Arqueologías del futuro

Las formas museográficas han sido recurrentemente usadas en las instalaciones de Miguel Cárdenas, quien hace parte con esta exposición de Artbo 2016.

“Arqueologías del futuro” es una historia inventada. Como en una especie de narrativa romana donde se ven mezcladas varias situaciones y personajes en un mismo plano. Esta instalación enreda la continuidad geológica y muestra a los seres del futuro en el pasado, ya confinados dentro de un lenguaje museográfico, de una galería, conservados; coleccionados. Las formas museográficas han sido recurrentemente usadas en las instalaciones de Miguel Cárdenas, y los seres y objetos que crea, inspirados en objetos naturales, vienen de visitas recurrentes a museos de historia natural y de la naturaleza.

Más allá, este lenguaje- acá entendido como el uso de dioramas, maquetas, y en este caso, la recreación de una placa tectónica- refiere a un conocimiento positivo, científico y directo pero que se ve truncado porque es evidente que los objetos están hechos a mano, inventados y presentes todos dentro de una estética muy personal y subjetiva. La confrontación de estos dos lenguajes se podría entender como un desafío al positivismo científico, a la institución “Museo”, pero también al rechazo contemporáneo del instinto primario de mirar y copiar lo que se ve.

Esta ambigüedad, además de confundir, permea otros aspectos de la instalación, como la altura, que no permite ver los objetos en detalle o como la separación entre un piso y otro, que, una vez más trunca la continuidad de sentido.

En sus series es muy importante el uso del lenguaje museográfico, en especial del diorama (una maqueta usada para recrear el ambiente natural de un espécimen). También hay una referencia recurrente al lenguaje de los  Museos de Historia Natural. ¿Hay una historia detrás de ese interés?

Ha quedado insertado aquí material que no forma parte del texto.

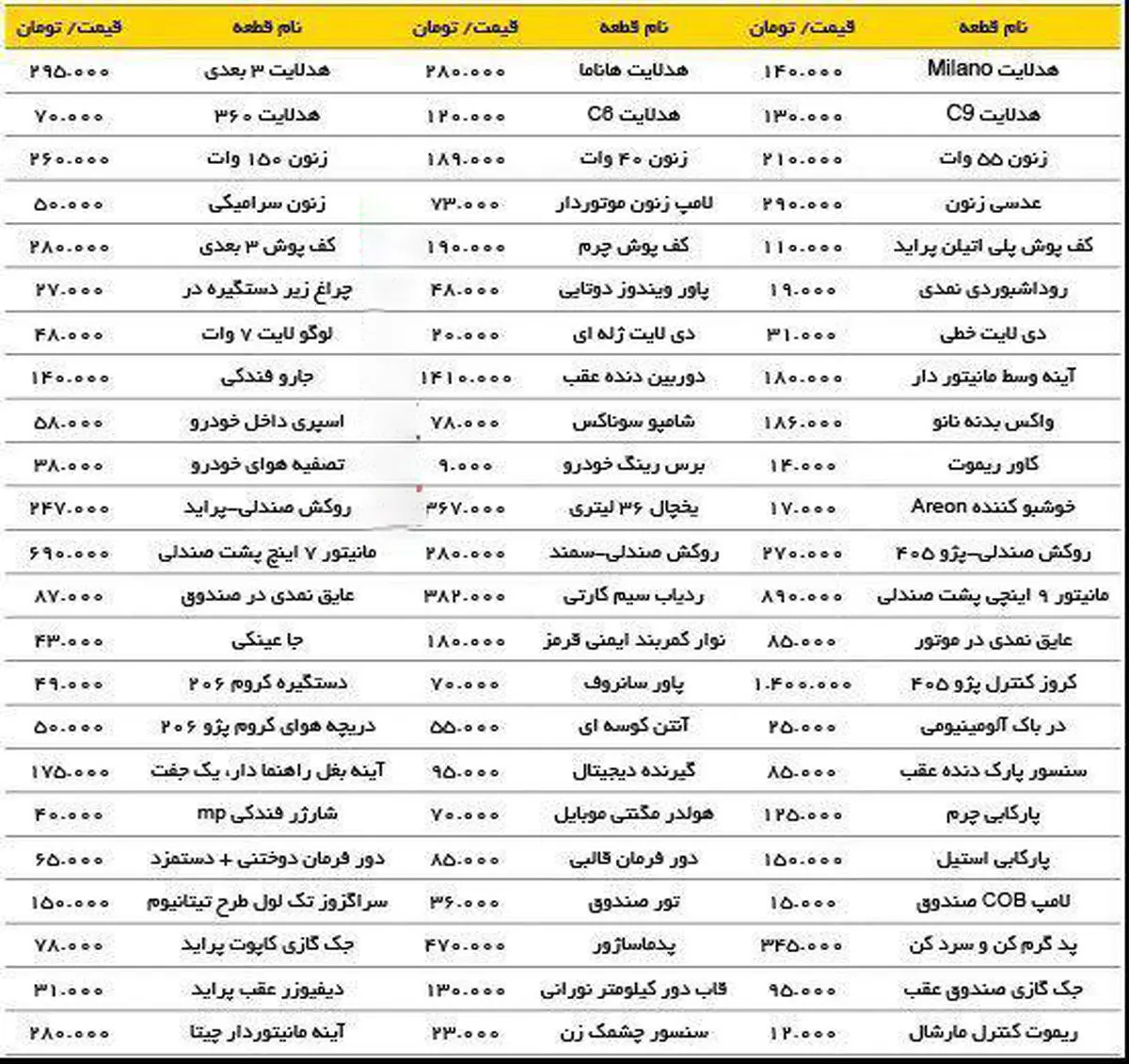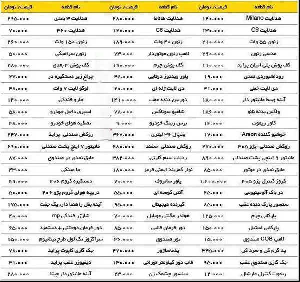 قیمت آپشن های جدید خودروهای داخلی

Me interesa pensar en el museo de historia natural como un monumento arcaico que se ha trasformado hoy en día en un sitio de interés para un público que está desconectado de la naturaleza; algo único a nuestros tiempos. Me interesa también el mundo que se crea dentro del museo, donde elementos como el diorama se convierten  en formas de recrear el mundo exterior a partir de ilusiones simples. Ese es el valor del museo, su potencial para recrear el mundo exterior.

Me parece chévere pensar en esos intentos de reconfiguración/ recreación de un hábitat natural, que son recreaciones falsas o imaginadas. En este caso es como si recreara una capa tectónica.

Son interpretaciones de cosas que existen, pero han pasado por un filtro y las vuelvo a recrear de manera diferente. Los animales, los personajes, al sacarlos de su hábitat se pueden observar, están frente al observador y de esa manera comentan sobre el lenguaje museográfico. Este es un lenguaje muy particular, uno que aísla para poder acercar. 

También es cautivante la utilización del tótem en esta y otras instalaciones. No sé mucho de él, hablemos de eso.

El tótem, para mí, es quizás una manera de ver el objeto de arte ligado a algo milenario: una pieza que nace de un árbol o de una piedra, como si el elemento se transformara y dejara ver la figura. Me gusta la idea de que un tronco, una montaña, una piedra adquiera un forma inteligible. Es algo muy cercano a la manera de entender el mundo a través del arte,  algo muy primario.

Hablemos de esa dislocación sutil que le hace a las narrativas históricas o arqueológicas. 

En este caso la narrativa (capas de piedra como eras geológicas) corresponde a la lógica del museo. Yo la he subvertido, pues no obedece a un orden lógico de la evolución de las especies o las eras geológicas del planeta. Tomé prestada esa forma porque hemos aprendido a leerla de esa manera y me sirve para la lectura de mis esculturas dentro del espacio.

Quiero que el observador se sienta pequeño frente al tamaño y altura de las “eras geológicas” y que sienta (porque es una experiencia visual) que cada una es el soporte de la siguiente y que ese andamiaje es una construcción precaria, una versión contada del mundo que necesitamos para entenderlo, de lo contrario todo se derrumba y quedamos en el caos.